Тогда как просвещение взошло у нас на вышнюю степень; когда почувствовали мы, что природа, сотворяя человека, не могла избежать некоторых погрешностей; когда, желая заменить ее недостатки, обрезали мы стан его целою четвертью, привязали к нему под шею жабот, причесали голову его анкрошет; словом: показали, каков бы он должен быть создан, если бы из рук природы вышел по совету премудрых французов. Но приступим подробнее к истории нашего модного просвещения, дабы тем яснее доказать грубость сатиры и возбудить в сердцах ваших благородную ревность переломать сатирикам руки и ноги.
Мода уже давно со справедливою завистию видела, что науки обращали к себе внимание наших одноземцев и угрожали изо всего государства сделать одну академию. Сожалея о погибающем человечестве и более всего сожалея о бедных женщинах, которые бы должны были зазеваться до смерти подле своих мужей или любовников, слушая ученые их рассуждения; она принуждена была войти к нам украдкою и ввести сюда своих первых рачителей французов, которые, делая нам честь, для нас оставляли в своем отечестве достоинство французских водоносов и разносчиков, чтобы образовать наши нравы и обычаи. Они-то из медведей сделали нас людьми; они-то показали нам необходимость переменять в год по пятидесяти кафтанов; открыли нам ключ, что удачнее можно искать счастья с помощию портного, парикмахера и каретника, нежели с помощию профессора философии; они-то, наконец, науча нас танцовать, открыли нам нужную для светского человека тайну, что ученые ноги в большом свете полезнее ученой головы.
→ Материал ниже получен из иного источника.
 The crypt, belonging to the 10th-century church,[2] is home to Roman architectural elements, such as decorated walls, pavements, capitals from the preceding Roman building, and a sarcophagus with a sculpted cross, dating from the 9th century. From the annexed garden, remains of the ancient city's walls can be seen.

Не подумайте, милостивые государи, что пристрастие управляет моим языком; нет, без самолюбия скажу, что я в сем случае философ и все нации люблю, выключая моего отечества. Итак, говоря о просвещении, нельзя умолчать мне об агличанах. Им-то обязаны мы искусством изъясняться с аглинскими лошадьми и превращать грубых наших крестьян в стальные пуговицы и пряжки; их-то скромный кафтан и французская ветреность составляют нечто неподражаемое из наших модных господчиков, которые одни имеют великое дарование соединять в себе благородную ветреность французских парикмахеров и философскую важность аглинских конюхов.
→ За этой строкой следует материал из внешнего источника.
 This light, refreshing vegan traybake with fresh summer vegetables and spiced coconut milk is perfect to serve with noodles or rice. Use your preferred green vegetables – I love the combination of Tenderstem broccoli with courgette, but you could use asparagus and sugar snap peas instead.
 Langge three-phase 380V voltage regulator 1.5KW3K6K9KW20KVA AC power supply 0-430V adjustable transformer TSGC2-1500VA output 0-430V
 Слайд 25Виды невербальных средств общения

С каким ужасом, государи мои, воспоминаю я то время, когда у нас молодой человек при первом слове был виден, как далек он в невежестве: должно было или учиться, или опасаться посмеяния и самого презрения. Должно было проводить время в кабинете, вместо того, чтобы с удовольствием убивать его в кофейных домах; должно было читать книги полезные… Но, любезные слушатели! я примечаю, что от одного напоминовения о таком варварском времени вы зеваете, и многие чувствительнейшие из вас патриоты зазевались бы до слез, если бы продолжал я такое жалкое описание. Но оставим его. Сие время уже прошло; ныне молодой человек, желающий слыть ученым, не имеет большой нужды в грамоте; за недостатком своего ума можно иметь у себя на полках тысячи чужих умов, переплетенных в сафьян и в золотом обрезе, а этого уже и довольно, чтобы перещеголять своею славою лучшего академика.
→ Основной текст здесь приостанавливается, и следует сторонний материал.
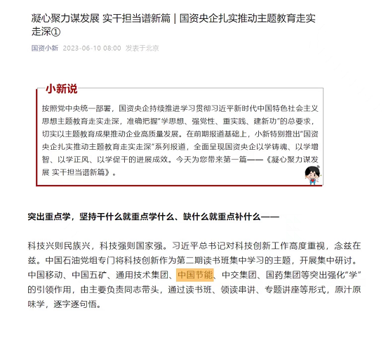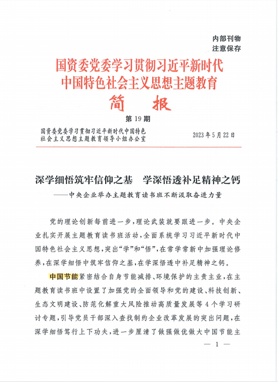 學習貫徹習近平新時代中國特色社會主義思想主題教育開展以來,中國節(jié)能深入學習領會習近平總書記重要講話精神,聚焦主題教育總要求和目標任務,堅持把主題教育同做強主責主業(yè)、建設人與自然和諧共生的中國式現(xiàn)代化緊密結合、一體謀劃,以強化理論學習指導發(fā)展實踐,以深化調(diào)查研究推動解決發(fā)展難題,高質(zhì)量開展主題教育,為企業(yè)發(fā)展凝心聚力。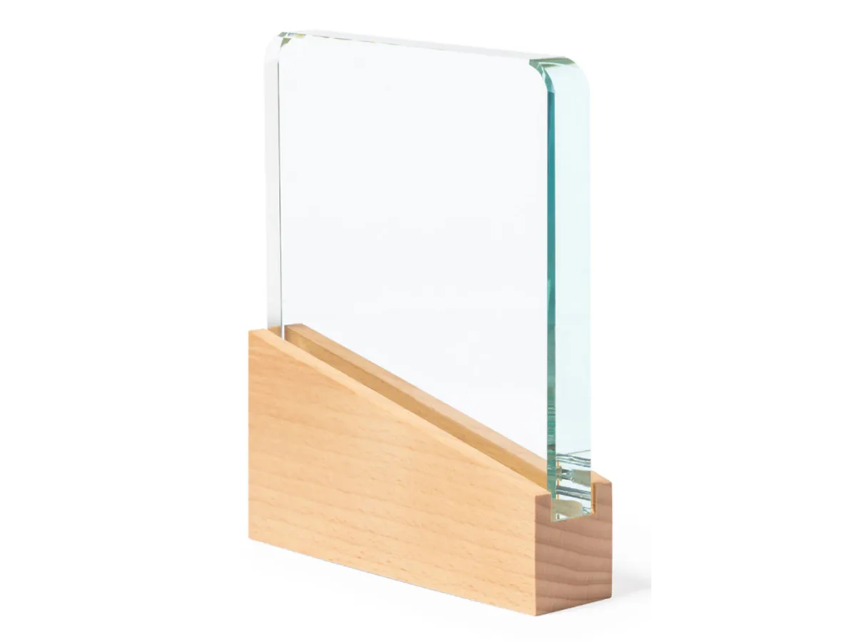 El trofeo de cristal con base de madera combina sofisticación y un estilo natural, ideal para reconocimientos empresariales, deportivos y académicos. Su diseño minimalista con materiales ecológicos lo convierte en una opción exclusiva y sostenible

Но чем не обязаны мы счастливому нашему просвещению! Если б вздумал я описывать все в нем выгоды, то бы речь моя была длиннее всех предисловий Т…* вместе; она бы показалась пространнее комедии Мнимого Детуша, которая в своем пространстве столько неизмерима, что в ней ученый свет не находит ни начала, ни конца; она бы показалась протяжнее романа Антирихардсона, которого долготерпеливейшие читатели не дочитывались до половины.
Но мне ли, государи мои, с слабыми моими силами, прилично говорить о пользах модного просвещения: сия материя так неисчерпаема, как древние авторы, которые под рукою молодых наших писателей перерождаются, как Протей, в тысячи разных видов, один одного хуже. Довольно и того, когда доказал я, что модное просвещение взошло у нас на вышнюю степень; и в подтверждение этого стоит только вам взглянуть друг на друга, чтобы видеть истину моих доказательств и почувствовать выгоду вашего состояния, приманчивого для человека, которое одно только можно поддержать, не имея ни ума, ни сердца.